Records supplied ::

<<<<

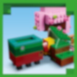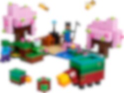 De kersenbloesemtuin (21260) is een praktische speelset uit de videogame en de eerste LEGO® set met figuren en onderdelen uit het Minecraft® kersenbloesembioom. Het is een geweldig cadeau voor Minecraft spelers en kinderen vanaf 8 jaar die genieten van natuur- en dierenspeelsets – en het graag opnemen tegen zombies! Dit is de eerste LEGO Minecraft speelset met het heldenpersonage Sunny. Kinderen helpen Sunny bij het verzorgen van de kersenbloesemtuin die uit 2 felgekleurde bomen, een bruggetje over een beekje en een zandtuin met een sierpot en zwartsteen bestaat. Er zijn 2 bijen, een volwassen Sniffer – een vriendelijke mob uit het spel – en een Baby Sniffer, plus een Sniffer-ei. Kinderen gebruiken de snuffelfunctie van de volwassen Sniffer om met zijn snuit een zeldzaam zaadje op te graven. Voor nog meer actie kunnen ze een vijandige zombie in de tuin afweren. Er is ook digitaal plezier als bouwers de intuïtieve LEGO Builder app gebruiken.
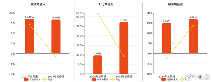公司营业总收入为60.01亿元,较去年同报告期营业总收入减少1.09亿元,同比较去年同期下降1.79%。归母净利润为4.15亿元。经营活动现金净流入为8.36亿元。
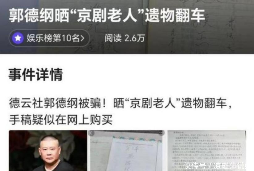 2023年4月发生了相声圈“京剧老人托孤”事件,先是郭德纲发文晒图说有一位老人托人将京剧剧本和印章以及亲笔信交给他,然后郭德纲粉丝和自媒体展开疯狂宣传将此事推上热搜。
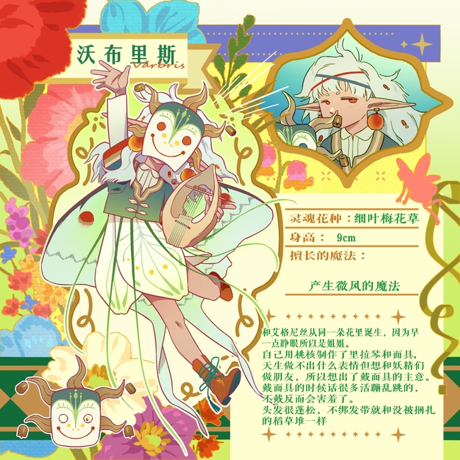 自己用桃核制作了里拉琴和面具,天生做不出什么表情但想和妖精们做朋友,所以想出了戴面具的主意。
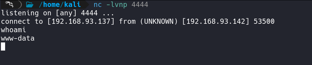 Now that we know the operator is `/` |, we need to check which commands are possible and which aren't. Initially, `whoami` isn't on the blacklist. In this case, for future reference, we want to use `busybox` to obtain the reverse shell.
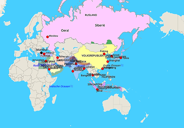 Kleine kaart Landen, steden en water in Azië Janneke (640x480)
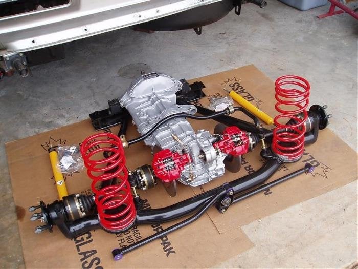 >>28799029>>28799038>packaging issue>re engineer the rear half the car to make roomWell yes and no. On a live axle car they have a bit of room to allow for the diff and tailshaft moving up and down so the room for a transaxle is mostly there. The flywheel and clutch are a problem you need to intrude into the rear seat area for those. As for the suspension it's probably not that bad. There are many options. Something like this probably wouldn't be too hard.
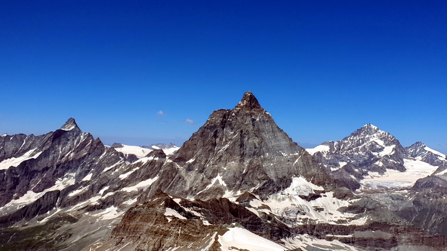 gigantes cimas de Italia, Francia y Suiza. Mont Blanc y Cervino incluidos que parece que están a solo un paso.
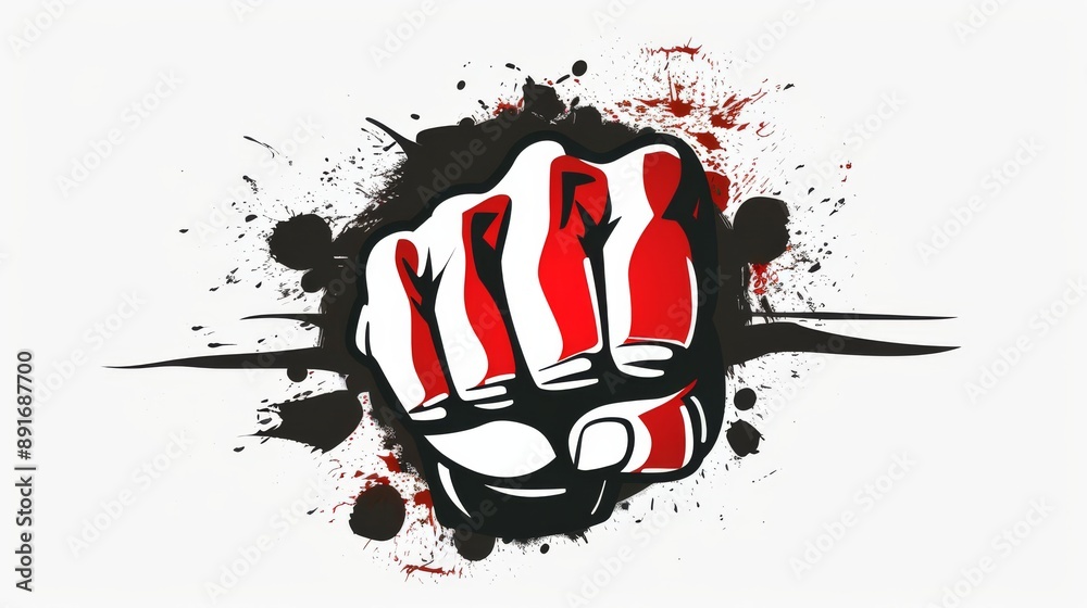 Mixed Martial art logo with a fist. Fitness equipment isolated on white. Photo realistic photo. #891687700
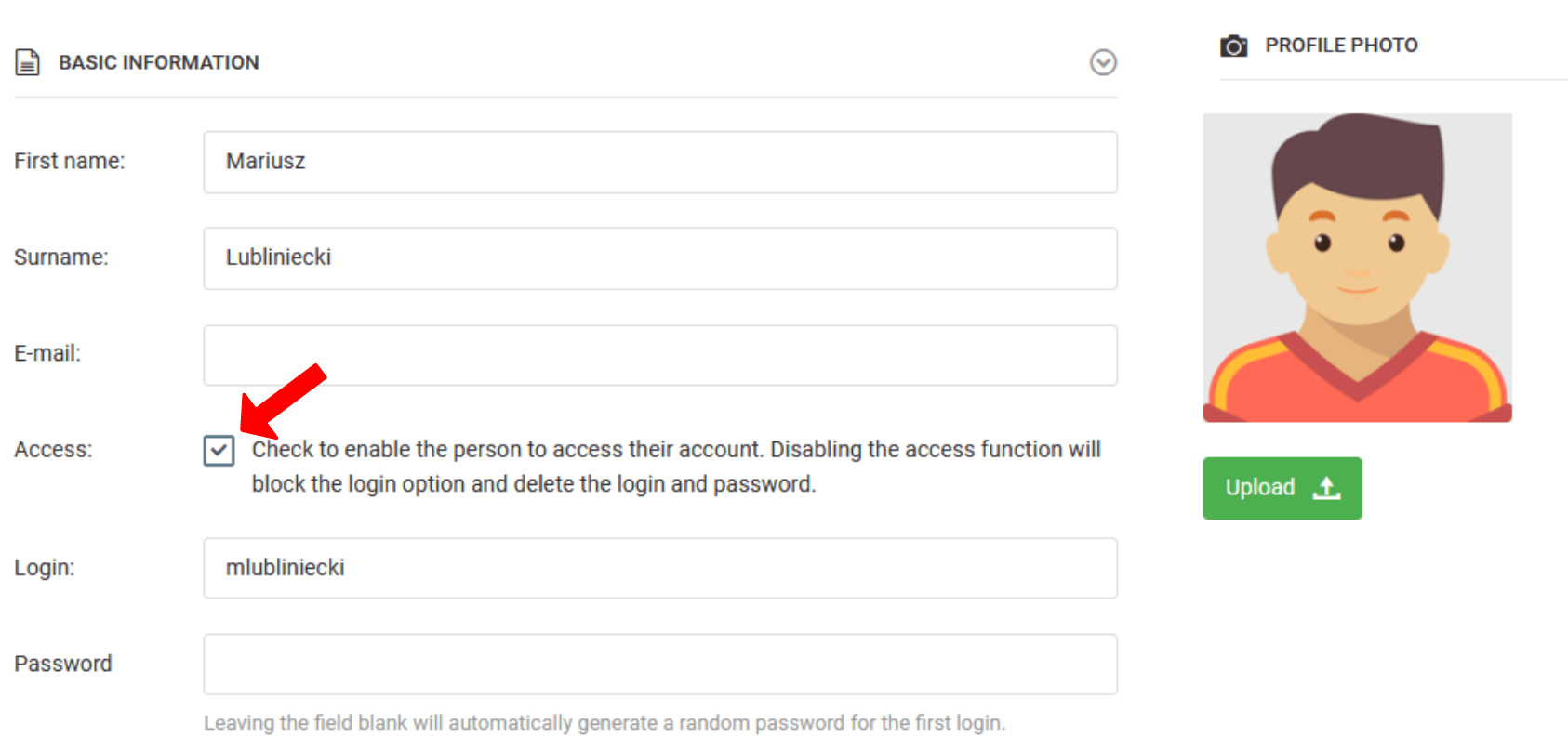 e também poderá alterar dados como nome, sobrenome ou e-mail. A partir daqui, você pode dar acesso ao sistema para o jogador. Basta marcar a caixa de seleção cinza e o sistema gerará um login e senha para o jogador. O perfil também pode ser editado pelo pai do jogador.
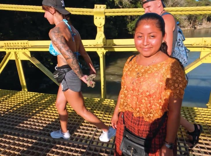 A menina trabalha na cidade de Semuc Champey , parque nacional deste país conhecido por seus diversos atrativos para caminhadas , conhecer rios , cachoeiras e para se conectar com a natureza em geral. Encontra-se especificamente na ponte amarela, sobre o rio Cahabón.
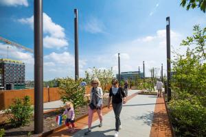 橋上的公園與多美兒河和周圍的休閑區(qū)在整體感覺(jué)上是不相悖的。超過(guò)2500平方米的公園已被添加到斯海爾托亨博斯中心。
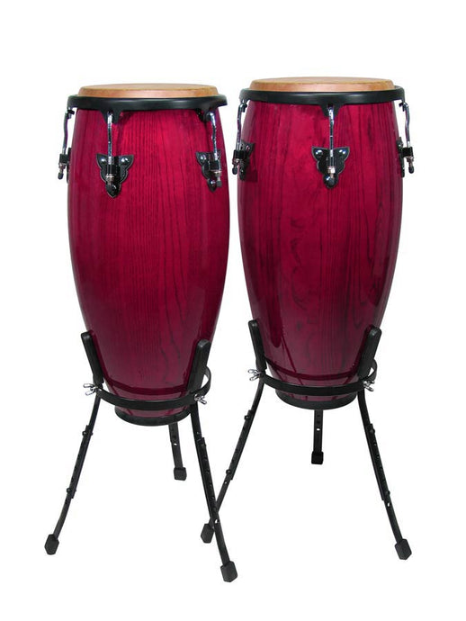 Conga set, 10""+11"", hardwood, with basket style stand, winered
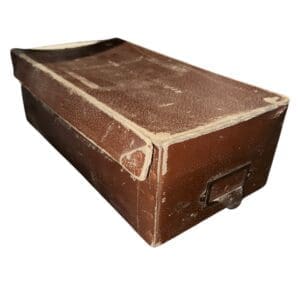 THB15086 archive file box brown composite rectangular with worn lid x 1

>>>>

Reproduce the lines from the one holding "A menina trabalha" through the end of the entries above exactly, keeping both ends and dropping every picture.

 A menina trabalha na cidade de Semuc Champey , parque nacional deste país conhecido por seus diversos atrativos para caminhadas , conhecer rios , cachoeiras e para se conectar com a natureza em geral. Encontra-se especificamente na ponte amarela, sobre o rio Cahabón.
 橋上的公園與多美兒河和周圍的休閑區(qū)在整體感覺(jué)上是不相悖的。超過(guò)2500平方米的公園已被添加到斯海爾托亨博斯中心。
 Conga set, 10""+11"", hardwood, with basket style stand, winered
 THB15086 archive file box brown composite rectangular with worn lid x 1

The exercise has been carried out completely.